Академический Документы
Профессиональный Документы
Культура Документы
М, 58 лет. Предъявляет жалобы на интенсивные давящие боли за грудиной, без иррадиации, в покое, длительностью
более 2-х часов. ИБС ранее не верифицирована, ежегодно проходил диспансеризацию, диагноз ГБ отрицает.
Из анамнеза: курит более 30 лет, наследственность отягощена по ИБС, у отца ОИМ в 54 года, аллергологический анамнез не
отягощен.
Объективно: состояние средней степени тяжести. Кожные покровы бледной окраски. При осмотре набухание шейных
вен. ЧСС = 94 в мин. Тоны сердца приглушены, ритмичны; пульс 84 ударов в минуту, ритмичный. АД 100/70 мм. рт. ст.

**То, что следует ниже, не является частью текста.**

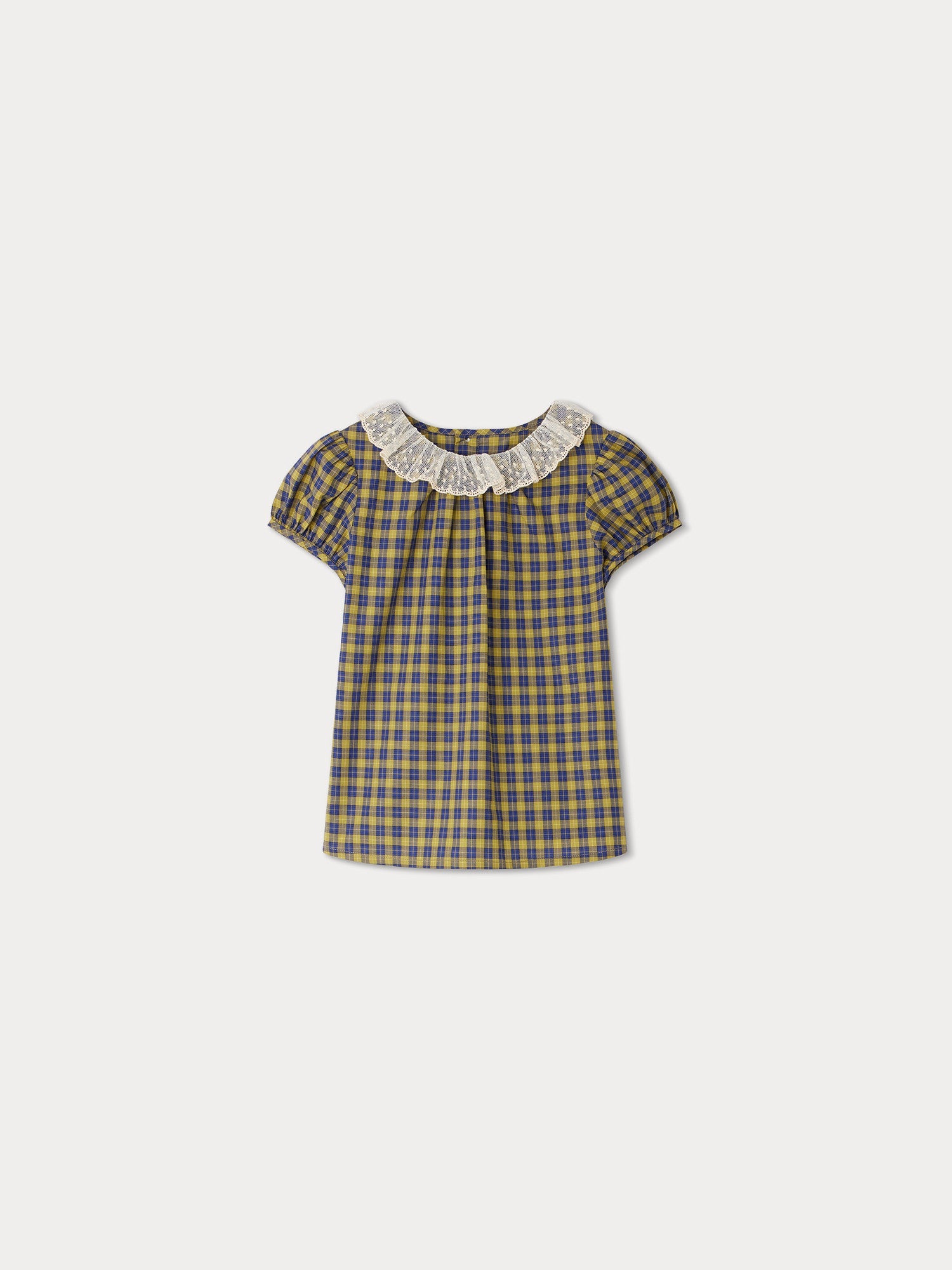 La blouse Cyrine pour fille affiche des carreaux colorés à la tendance rétro. Une collerette en voile à plumetis rehausse ce modèle droit en coton biologique.

Дыхание жесткое, в подлопаточной области ослаблено, хрипов нет. ЧДД = 18 в минуту. Живот мягкий, умеренно
болезненный в правом подреберье. Печень по Курлову 12х10х9 см. До средней трети голени умеренные отеки.
ЭхоКГ: расширение полости правого желудочка, гипокинез и акинез боковой стенки правого желудочка, парадоксальное
движение МЖП в сторону левого желудочка (выраженная объемная перегрузка правого желудочка)
Контрольные вопросы:
1. Выделите синдромы, определите ведущий
2. Объясните патогенетический механизм возникновения данного состояния
3. Сформулируйте предварительный диагноз.
4. Какие дополнительные исследования следует провести для уточнения диагноза?
5. Определите группу риска пациента (по критериям GRACE) и определите наличие показаний для инвазивной тактики.
6. Назначьте лечение с учетом тяжести состояния.
1. Синдромы
1) Острый коронарный синдром (интенсивные давящие боли за грудиной без иррадиации в покое, длительность более
2х часов; элевация ST II, III, aVF и реципроктные изменения V1-V5)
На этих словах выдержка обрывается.